Spark Builders¶

The spark_connector module provides catalog-specific SparkSession builders. Each builder configures Spark with the correct JARs, extensions, and catalog settings for its backend.

Factory Pattern¶

from poor_man_lakehouse import get_spark_builder, CatalogType

# From enum
builder = get_spark_builder(CatalogType.NESSIE)

# From string
builder = get_spark_builder("lakekeeper")

# Get a configured SparkSession
spark = builder.get_spark_session()

Or use the current catalog from settings:

from poor_man_lakehouse import retrieve_current_spark_session

# Uses settings.CATALOG to determine which builder
spark = retrieve_current_spark_session()

Available Builders¶

NessieCatalogSparkBuilder¶

Uses Nessie's native catalog with git-like versioning.

builder = get_spark_builder(CatalogType.NESSIE)
spark = builder.get_spark_session()

spark.sql("CREATE TABLE nessie.default.users (id INT, name STRING)")
spark.sql("INSERT INTO nessie.default.users VALUES (1, 'Alice')")

LakekeeperCatalogSparkBuilder¶

Uses Lakekeeper's REST catalog interface with credential vending (no static S3 keys in Spark config).

builder = get_spark_builder(CatalogType.LAKEKEEPER)
spark = builder.get_spark_session()

spark.sql("SELECT * FROM lakekeeper.default.users").show()

Note

Lakekeeper always uses "lakekeeper" as the catalog name, regardless of CATALOG_NAME setting.

PostgresCatalogSparkBuilder¶

Uses PostgreSQL as the Iceberg catalog backend via JDBC. This is the tested and recommended implementation for local development.

builder = get_spark_builder(CatalogType.POSTGRES)
spark = builder.get_spark_session()

GlueCatalogSparkBuilder¶

Uses AWS Glue as the Iceberg catalog backend. Credentials are resolved via the AWS default credential chain (env vars, ~/.aws/credentials, IAM role) -- no static S3 keys in Spark config.

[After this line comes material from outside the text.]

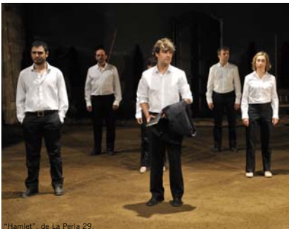
“Hamlet”, de La Perla 29.

Casi diez mil personas, en concreto 9.700, acudieron al reclamo de la XIV edición de la Fira de Teatre de Manacor, que tuvo lugar en la ciudad mallorquina entre los días 18 y 27 de septiembre. De entre todos los asistentes, más de 80 se acreditaron como profesionales del sector, de los cuales aproximadamente 60 eran programadores, procedentes en su mayoría de Cataluña, Comunidad Valenciana y las Islas Baleares, pero entre los que también los había de otros lugares de nuestro país e incluso de Andorra. Esta edición albergó 30 espectáculos y 40 representaciones, que en más de un 50% fueron puestas en escena en catalán. Muchas de las obras exhibidas constituían estrenos en las Islas Baleares. Las actividades paralelas que acogió la Fira de Teatre de Manacor estaban divididas en dos grupos. Por un lado, se llevaron a cabo las reuniones de la Asociación de Teatros y Auditorios Públicos de las Islas Baleares –que el día 23 entregó sus premios de artes escénicas–, y la de los programadores del Proyecto Alcover, dedicado al intercambio de espectáculos teatrales. Por otro lado, la Dirección General de Cultura del Gobierno de las Islas Baleares organizó dos mesas redondas que llevaron los títulos de “La movilidad de las artes escénicas” y “Dos años después del PESAEM”, en las que participaron destacados profesionales del sector.

builder = get_spark_builder(CatalogType.GLUE)
spark = builder.get_spark_session()

Optionally set GLUE_CATALOG_ID for cross-account Glue access.

Supported Catalog Types¶

Enum Value	String	Builder Class	Credential Handling
`CatalogType.POSTGRES`	`"postgres"`	`PostgresCatalogSparkBuilder`	Static S3 keys from settings
`CatalogType.NESSIE`	`"nessie"`	`NessieCatalogSparkBuilder`	Static S3 keys from settings
`CatalogType.LAKEKEEPER`	`"lakekeeper"`	`LakekeeperCatalogSparkBuilder`	Credential vending (no static keys)
`CatalogType.GLUE`	`"glue"`	`GlueCatalogSparkBuilder`	AWS credential chain (no static keys)

Common Configuration¶

All builders share:

Iceberg runtime (4.0 for Scala 2.13, version 1.10.1)
Delta Lake via configure_spark_with_delta_pip
Hadoop AWS for S3/MinIO access
Nessie Spark extensions for git-like operations
PostgreSQL JDBC driver for catalog metadata

The JARs are resolved via Maven/Ivy at session creation time.

Custom App Name¶

builder = get_spark_builder(CatalogType.NESSIE)
builder._app_name = "My Custom App"
spark = builder.get_spark_session()

Spark Cluster¶

When using the Docker Spark cluster (just up spark), set:

SPARK_MASTER="spark://localhost:7077"
SPARK_DRIVER_HOST="172.18.0.1"  # Docker bridge gateway IP
SPARK_DRIVER_PORT=7001
SPARK_DRIVER_BLOCK_MANAGER_PORT=7002

For local mode (no cluster):

SPARK_MASTER="local[*]"

See the Spark Cluster guide for details on the Docker-based Spark standalone cluster.